En cualquier caso, todos los partidos ya tienen las espadas en alto. Aunque todos los sondeos coinciden en que CiU volverá a ganar las elecciones, las principales incógnitas son cómo afecta la crisis al tripartito, y si los partidos nacionalistas, sobre todo ERC, salen desgastados ante la irrupción de varias candidaturas de perfil soberanista, como Reagrupament y la que lidera el ex presidente del FC Barcelona Joan Laporta.
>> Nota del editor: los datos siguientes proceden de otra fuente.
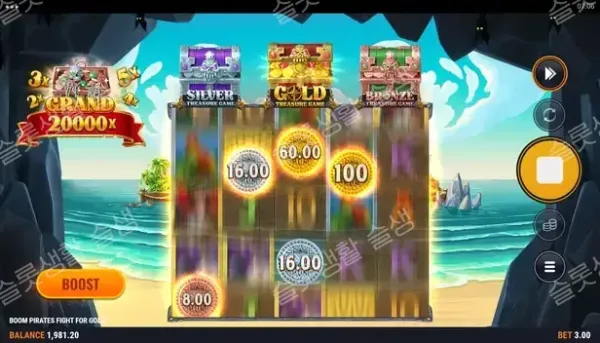 5번 릴에 붐 컬렉트 심볼이 등장하면 화면에 있는 모든 해적 코인의 가치를 합산하여 즉시 상금으로 지급합니다. 이때 1x에서 최대 5x의 배수가 무작위로 적용되어 상금의 크기를 극대화합니다.

Tanto PSC como ICV-EUiA han manifestado este verano que, encuestas en mano, aún hay posibilidades de que el tripartito vuelva a sumar, aunque admiten que lo tienen bastante complicado. Son muchos los que dan por hecho un tercer tripartito si PSC, ERC e ICV-EUiA alcanzan la mayoría absoluta, pese a que ERC ha dicho que sólo pactará con quien convoque una consulta sobre la autodeterminación en la próxima legislatura, algo a lo que los socialistas se oponen frontalmente.
Llegar al PP
En paralelo, y más allá del calendario electoral, el mapa político en Catalu se lee también en clave de política nacional. Al respecto, el secretario general del PP catalán, Jordi Cornet, aseguró ayer a Ep que el cambio en Cataluña es necesario para que España también cambie, y apuntó que para ello es imprescindible que deje de gobernar el presidente, José Luis Rodríguez Zapatero. «El único partido que si es fuerte en Cataluña puede provocar un anticipo de las elecciones generales es el PP», dijo, y avanzó que trabajarán para concienciar al electorado de que los próximos comicios autonómicos son tan importantes o más que los generales.
«Lo mejor que le puede pasar a un catalán es que Zapatero deje de gobernar España», según Cornet, que aseguró que tanto Artur Mas como José Montilla garantizan el poder a Zapatero hasta 2012. El PP confía en una aritmética que les permita ser decisivos y obligue a CiU y PSC a desplazarse a las tesis del PP si quieren gobernar.